Task to complete: Of all the lines in the entries below, give again exactly those starting at the line containing "Păpușă veche de" and ending at the line containing "Frontalmente alla sala", both ends included, and no others.

#### Source records ####

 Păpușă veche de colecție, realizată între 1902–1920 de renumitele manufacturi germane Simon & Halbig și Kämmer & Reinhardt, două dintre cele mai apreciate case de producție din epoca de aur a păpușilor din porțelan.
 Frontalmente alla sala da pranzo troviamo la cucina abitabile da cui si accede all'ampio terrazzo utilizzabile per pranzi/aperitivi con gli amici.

####
#### Source records ####

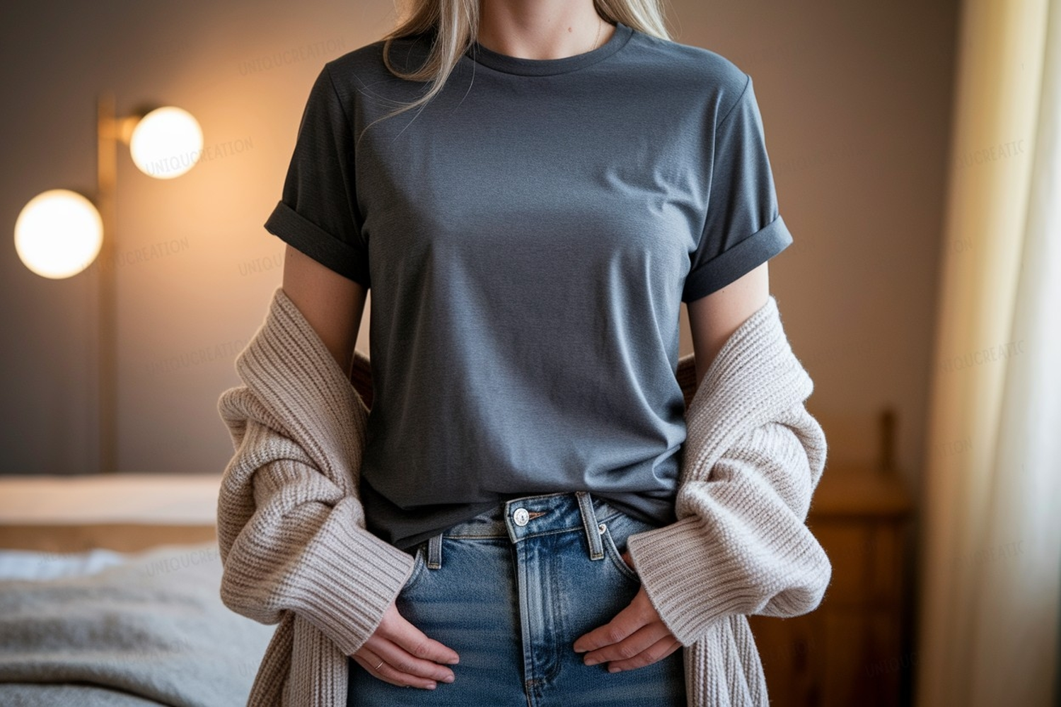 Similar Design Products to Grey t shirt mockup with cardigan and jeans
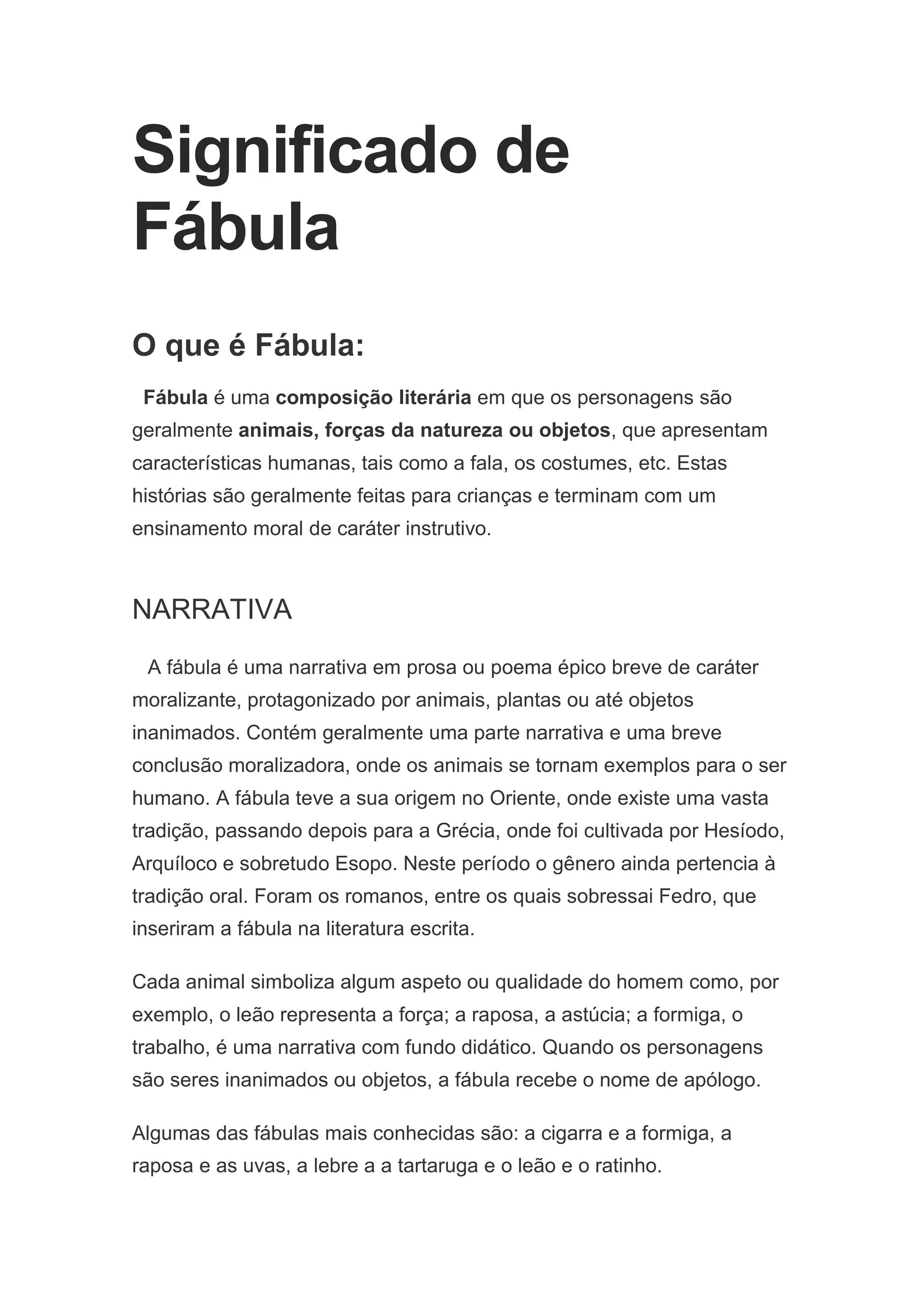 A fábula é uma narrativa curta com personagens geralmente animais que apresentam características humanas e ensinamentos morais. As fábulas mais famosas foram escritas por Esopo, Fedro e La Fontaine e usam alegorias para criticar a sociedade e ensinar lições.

####
#### Source records ####

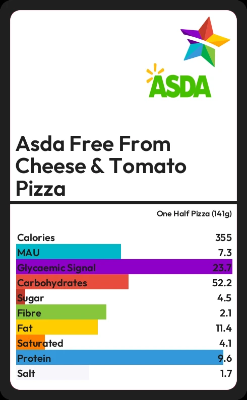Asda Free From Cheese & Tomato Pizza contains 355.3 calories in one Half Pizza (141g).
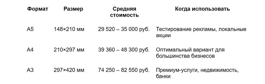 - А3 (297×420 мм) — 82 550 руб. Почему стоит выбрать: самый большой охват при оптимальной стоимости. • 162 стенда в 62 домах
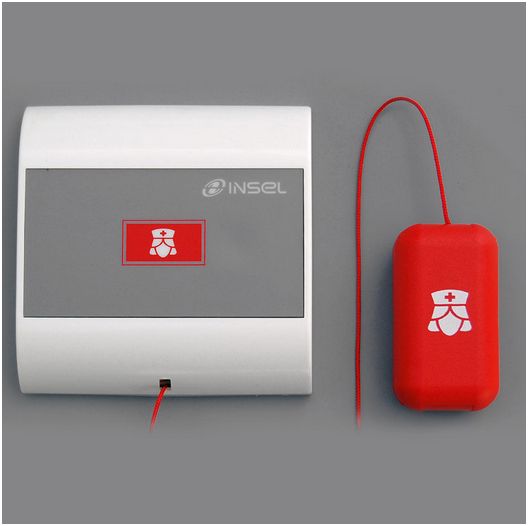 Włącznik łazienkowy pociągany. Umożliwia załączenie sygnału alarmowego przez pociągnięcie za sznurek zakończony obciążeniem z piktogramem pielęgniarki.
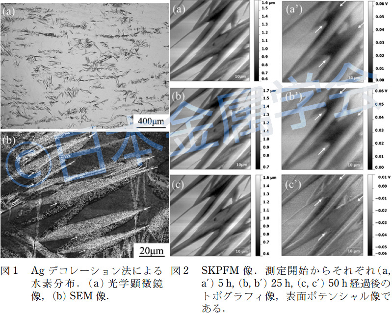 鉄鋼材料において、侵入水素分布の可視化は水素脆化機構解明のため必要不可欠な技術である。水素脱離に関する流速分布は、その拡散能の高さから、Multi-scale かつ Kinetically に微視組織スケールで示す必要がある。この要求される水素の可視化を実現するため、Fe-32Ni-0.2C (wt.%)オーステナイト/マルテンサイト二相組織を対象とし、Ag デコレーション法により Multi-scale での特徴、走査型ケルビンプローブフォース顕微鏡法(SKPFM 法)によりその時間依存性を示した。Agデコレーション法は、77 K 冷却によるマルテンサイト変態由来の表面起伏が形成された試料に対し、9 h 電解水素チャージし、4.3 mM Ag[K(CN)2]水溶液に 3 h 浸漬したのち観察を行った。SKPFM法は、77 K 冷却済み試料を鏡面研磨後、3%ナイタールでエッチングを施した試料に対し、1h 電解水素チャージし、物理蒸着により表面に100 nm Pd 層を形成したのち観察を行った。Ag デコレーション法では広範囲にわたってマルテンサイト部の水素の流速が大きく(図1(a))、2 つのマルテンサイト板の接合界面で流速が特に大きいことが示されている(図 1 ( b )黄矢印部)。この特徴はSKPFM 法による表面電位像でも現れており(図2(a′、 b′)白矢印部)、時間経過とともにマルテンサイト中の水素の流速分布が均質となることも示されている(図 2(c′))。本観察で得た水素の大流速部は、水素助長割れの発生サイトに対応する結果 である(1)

####

Answer to this task:
 Păpușă veche de colecție, realizată între 1902–1920 de renumitele manufacturi germane Simon & Halbig și Kämmer & Reinhardt, două dintre cele mai apreciate case de producție din epoca de aur a păpușilor din porțelan.
 Frontalmente alla sala da pranzo troviamo la cucina abitabile da cui si accede all'ampio terrazzo utilizzabile per pranzi/aperitivi con gli amici.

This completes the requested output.